(Source data)
*** Block opens ***

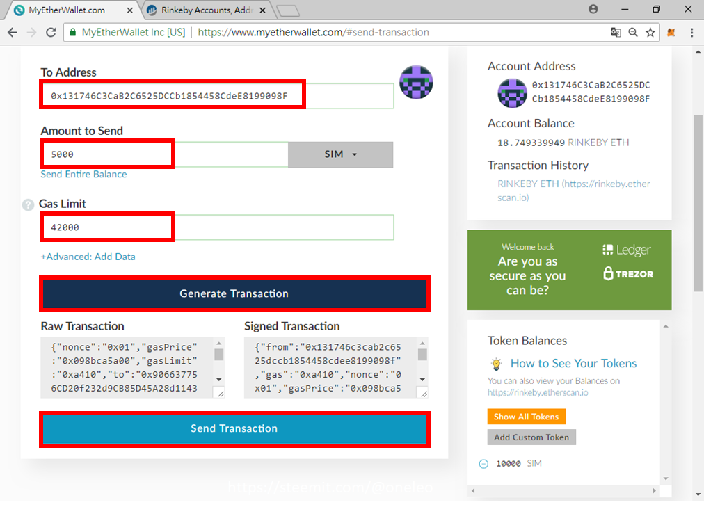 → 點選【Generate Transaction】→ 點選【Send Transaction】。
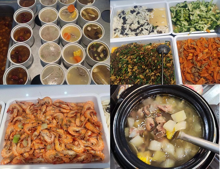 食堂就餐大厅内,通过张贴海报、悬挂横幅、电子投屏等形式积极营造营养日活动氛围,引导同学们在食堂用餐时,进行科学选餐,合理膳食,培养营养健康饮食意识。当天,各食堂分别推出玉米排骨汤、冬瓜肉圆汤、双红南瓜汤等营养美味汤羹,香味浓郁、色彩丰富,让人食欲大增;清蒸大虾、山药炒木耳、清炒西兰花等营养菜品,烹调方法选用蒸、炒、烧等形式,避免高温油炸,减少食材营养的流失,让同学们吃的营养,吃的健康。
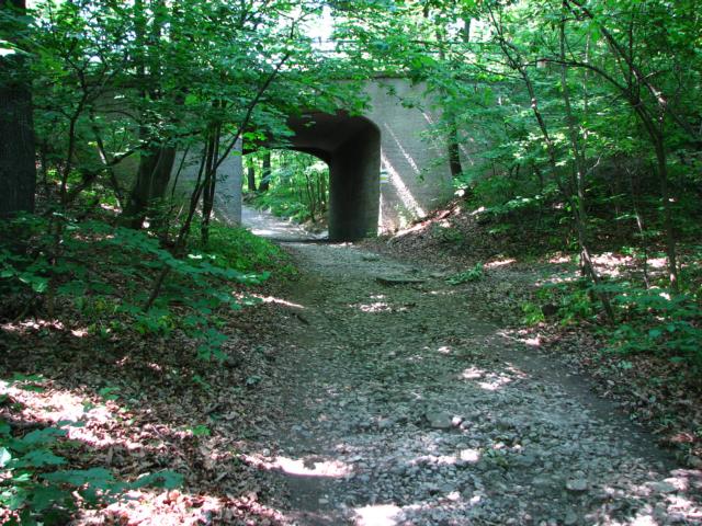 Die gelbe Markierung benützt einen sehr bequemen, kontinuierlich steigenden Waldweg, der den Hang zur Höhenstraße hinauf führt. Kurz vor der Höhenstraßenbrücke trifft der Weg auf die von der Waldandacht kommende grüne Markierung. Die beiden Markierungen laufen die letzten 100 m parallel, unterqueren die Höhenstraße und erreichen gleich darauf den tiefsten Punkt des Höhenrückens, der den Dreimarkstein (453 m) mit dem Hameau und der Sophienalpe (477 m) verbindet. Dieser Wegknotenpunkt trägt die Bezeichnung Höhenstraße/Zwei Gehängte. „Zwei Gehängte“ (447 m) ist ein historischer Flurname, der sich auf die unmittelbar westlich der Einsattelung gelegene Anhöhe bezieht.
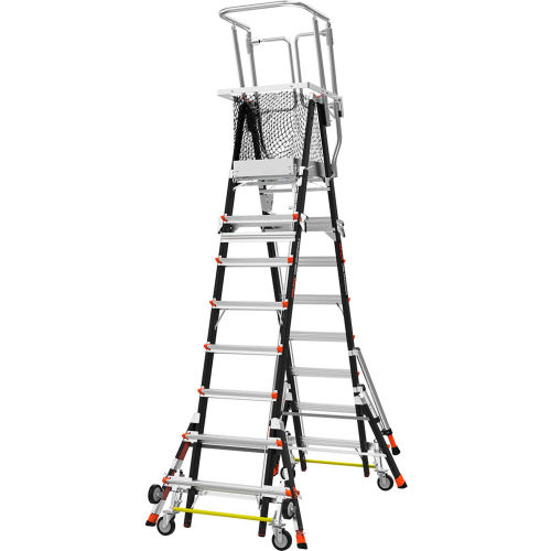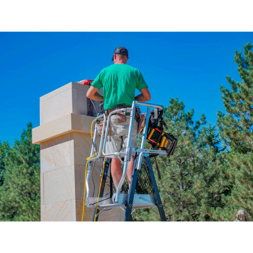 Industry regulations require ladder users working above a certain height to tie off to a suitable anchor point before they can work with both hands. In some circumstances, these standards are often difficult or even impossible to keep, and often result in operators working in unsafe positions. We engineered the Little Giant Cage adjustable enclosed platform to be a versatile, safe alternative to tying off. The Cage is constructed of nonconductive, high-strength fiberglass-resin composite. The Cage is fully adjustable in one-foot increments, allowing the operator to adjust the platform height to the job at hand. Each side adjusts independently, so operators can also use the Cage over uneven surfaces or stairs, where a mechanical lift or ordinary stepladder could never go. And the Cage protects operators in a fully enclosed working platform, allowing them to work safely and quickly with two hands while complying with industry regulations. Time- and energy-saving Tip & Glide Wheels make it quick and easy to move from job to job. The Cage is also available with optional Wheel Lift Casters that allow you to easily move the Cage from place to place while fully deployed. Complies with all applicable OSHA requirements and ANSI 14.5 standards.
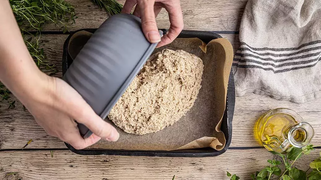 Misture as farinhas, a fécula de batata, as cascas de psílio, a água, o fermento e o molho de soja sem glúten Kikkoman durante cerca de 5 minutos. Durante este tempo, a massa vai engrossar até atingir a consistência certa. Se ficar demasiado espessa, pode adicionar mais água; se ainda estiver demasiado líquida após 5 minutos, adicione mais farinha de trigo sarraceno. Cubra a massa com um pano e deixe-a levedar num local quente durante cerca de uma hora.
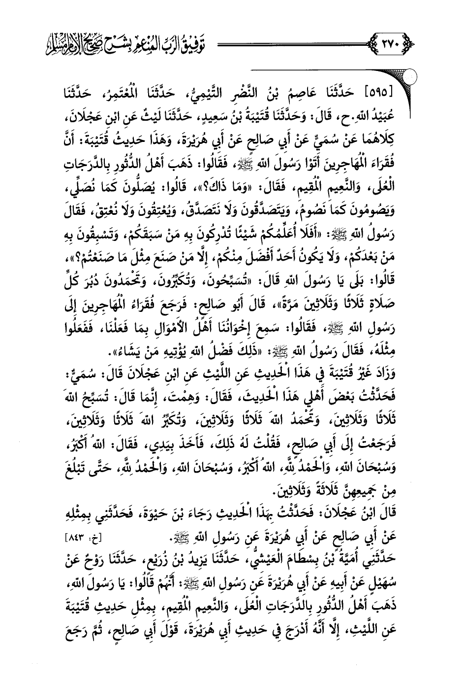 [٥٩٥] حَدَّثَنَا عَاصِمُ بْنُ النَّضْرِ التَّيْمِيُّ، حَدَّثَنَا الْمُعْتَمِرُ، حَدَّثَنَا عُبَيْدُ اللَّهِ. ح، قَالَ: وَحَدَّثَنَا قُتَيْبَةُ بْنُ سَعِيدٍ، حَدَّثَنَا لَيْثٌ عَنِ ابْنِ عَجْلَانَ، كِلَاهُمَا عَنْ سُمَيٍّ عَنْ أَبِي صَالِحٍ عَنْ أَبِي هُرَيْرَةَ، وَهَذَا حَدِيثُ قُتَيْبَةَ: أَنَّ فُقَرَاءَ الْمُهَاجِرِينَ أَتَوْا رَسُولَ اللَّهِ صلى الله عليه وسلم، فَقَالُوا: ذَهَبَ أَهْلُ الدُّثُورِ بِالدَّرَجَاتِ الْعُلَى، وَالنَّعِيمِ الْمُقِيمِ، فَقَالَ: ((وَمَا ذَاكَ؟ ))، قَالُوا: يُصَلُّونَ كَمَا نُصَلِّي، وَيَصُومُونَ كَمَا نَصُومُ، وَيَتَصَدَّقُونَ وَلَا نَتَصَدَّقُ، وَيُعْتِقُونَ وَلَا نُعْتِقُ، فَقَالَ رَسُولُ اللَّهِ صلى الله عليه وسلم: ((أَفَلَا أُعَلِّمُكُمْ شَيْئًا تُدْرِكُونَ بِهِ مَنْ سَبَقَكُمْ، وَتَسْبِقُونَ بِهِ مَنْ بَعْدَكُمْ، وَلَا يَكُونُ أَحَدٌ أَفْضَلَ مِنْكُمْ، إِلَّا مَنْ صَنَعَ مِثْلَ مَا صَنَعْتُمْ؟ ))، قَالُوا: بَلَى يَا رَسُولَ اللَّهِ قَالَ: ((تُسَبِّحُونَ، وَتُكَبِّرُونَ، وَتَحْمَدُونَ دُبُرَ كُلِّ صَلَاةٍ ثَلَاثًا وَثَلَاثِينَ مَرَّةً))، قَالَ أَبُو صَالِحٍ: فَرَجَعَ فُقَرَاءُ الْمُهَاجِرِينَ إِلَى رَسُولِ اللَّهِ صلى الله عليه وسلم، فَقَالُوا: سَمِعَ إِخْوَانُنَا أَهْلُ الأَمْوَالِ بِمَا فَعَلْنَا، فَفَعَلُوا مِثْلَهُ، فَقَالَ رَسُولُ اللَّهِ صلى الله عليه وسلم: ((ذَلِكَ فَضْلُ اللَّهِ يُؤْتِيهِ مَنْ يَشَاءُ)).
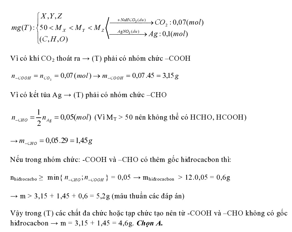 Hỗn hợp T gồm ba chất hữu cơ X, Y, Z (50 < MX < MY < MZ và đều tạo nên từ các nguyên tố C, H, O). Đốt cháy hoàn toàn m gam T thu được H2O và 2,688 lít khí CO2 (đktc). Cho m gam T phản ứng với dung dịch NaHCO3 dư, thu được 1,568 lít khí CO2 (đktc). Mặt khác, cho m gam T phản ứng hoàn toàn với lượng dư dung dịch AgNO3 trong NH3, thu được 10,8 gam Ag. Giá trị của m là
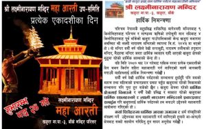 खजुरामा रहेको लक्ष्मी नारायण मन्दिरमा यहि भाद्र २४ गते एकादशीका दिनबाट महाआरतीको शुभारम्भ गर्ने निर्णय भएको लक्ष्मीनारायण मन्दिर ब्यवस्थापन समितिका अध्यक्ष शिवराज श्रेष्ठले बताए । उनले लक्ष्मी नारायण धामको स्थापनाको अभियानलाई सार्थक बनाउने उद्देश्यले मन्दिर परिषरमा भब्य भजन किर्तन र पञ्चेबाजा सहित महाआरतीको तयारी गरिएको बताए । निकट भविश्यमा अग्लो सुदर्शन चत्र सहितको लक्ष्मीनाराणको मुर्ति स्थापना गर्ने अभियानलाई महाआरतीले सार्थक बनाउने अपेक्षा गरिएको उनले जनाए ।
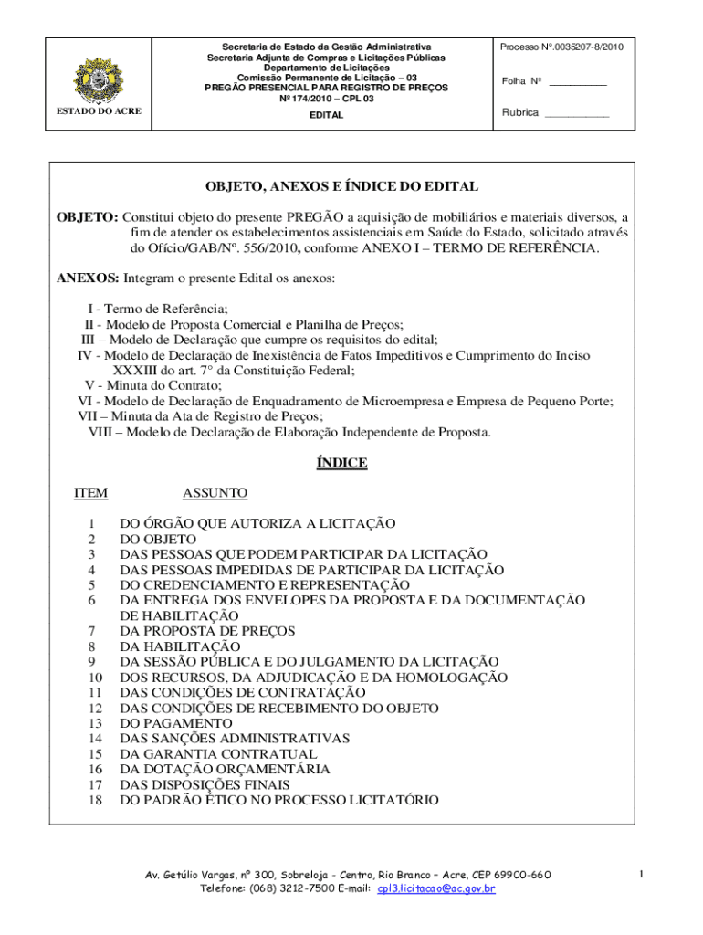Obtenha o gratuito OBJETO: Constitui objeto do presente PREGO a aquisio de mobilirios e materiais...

*** Block closes ***

* **Your goal**: Please return only the lines running from the line with "खजुरामा रहेको लक्ष्मी" to the final line of the data, both included, exactly and without any pictures.

* **Result of the exercise**:
 खजुरामा रहेको लक्ष्मी नारायण मन्दिरमा यहि भाद्र २४ गते एकादशीका दिनबाट महाआरतीको शुभारम्भ गर्ने निर्णय भएको लक्ष्मीनारायण मन्दिर ब्यवस्थापन समितिका अध्यक्ष शिवराज श्रेष्ठले बताए । उनले लक्ष्मी नारायण धामको स्थापनाको अभियानलाई सार्थक बनाउने उद्देश्यले मन्दिर परिषरमा भब्य भजन किर्तन र पञ्चेबाजा सहित महाआरतीको तयारी गरिएको बताए । निकट भविश्यमा अग्लो सुदर्शन चत्र सहितको लक्ष्मीनाराणको मुर्ति स्थापना गर्ने अभियानलाई महाआरतीले सार्थक बनाउने अपेक्षा गरिएको उनले जनाए ।
Obtenha o gratuito OBJETO: Constitui objeto do presente PREGO a aquisio de mobilirios e materiais...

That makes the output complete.